Aim of the exercise |
There are pictures in the records below; leave them out and set down exactly the lines from the one holding "2021西安电子科技大学硕士研究生拟录取名单汇总 | |||" through the one holding "Nos dias de".

Dataset content |

- - - -

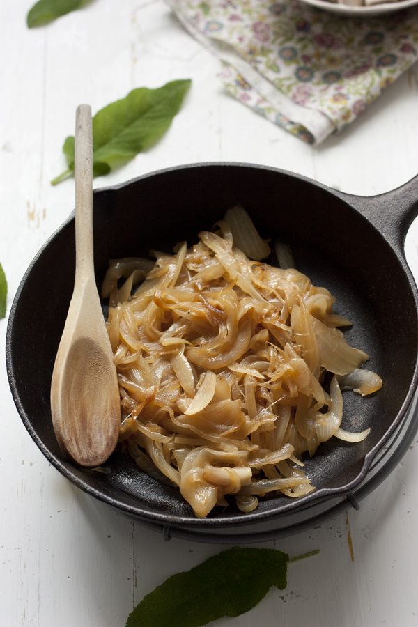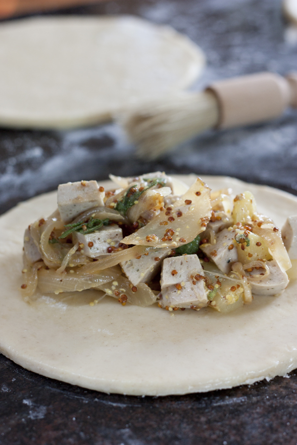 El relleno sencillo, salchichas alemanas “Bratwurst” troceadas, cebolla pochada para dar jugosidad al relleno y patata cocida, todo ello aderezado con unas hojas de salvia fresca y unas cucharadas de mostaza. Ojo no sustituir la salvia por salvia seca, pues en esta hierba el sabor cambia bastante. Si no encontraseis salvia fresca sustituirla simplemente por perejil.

- - - -

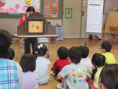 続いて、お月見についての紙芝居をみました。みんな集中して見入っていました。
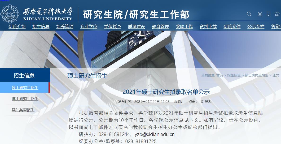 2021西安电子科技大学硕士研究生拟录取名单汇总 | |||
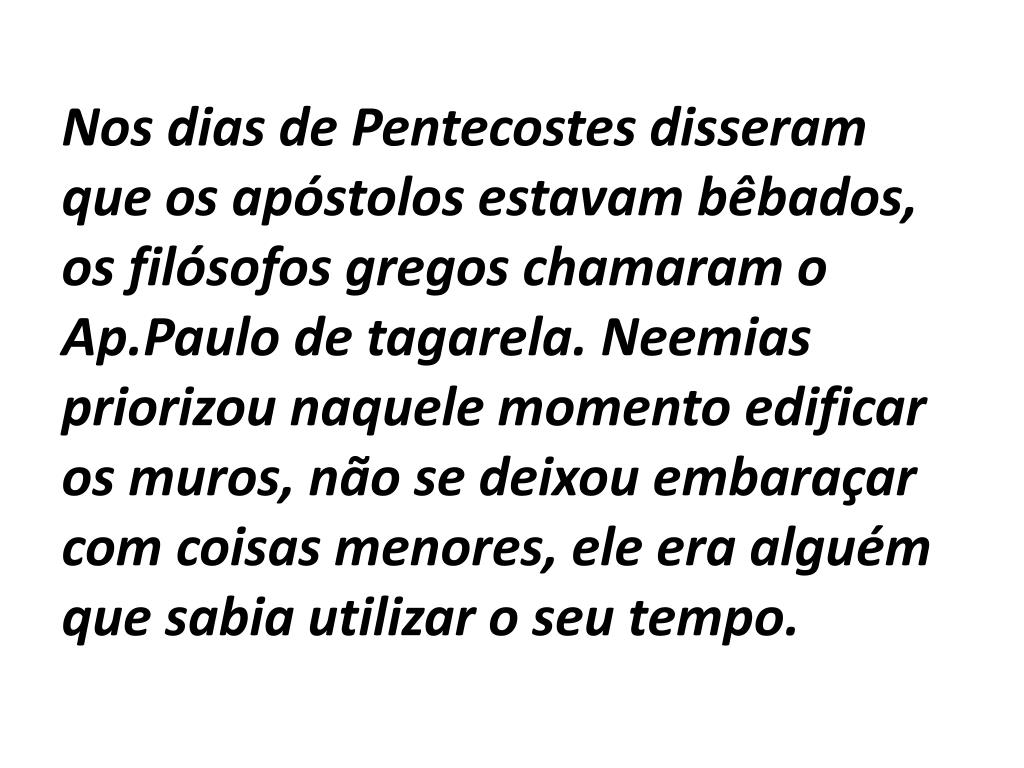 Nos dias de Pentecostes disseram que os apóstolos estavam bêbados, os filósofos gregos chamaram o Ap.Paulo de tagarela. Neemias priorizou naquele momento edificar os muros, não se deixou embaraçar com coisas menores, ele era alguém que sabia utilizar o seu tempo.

- - - -

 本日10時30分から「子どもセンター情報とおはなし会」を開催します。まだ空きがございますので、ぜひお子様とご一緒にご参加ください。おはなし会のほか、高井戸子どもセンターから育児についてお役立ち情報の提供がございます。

- - - -

Answer for the task |
 2021西安电子科技大学硕士研究生拟录取名单汇总 | |||
 Nos dias de Pentecostes disseram que os apóstolos estavam bêbados, os filósofos gregos chamaram o Ap.Paulo de tagarela. Neemias priorizou naquele momento edificar os muros, não se deixou embaraçar com coisas menores, ele era alguém que sabia utilizar o seu tempo.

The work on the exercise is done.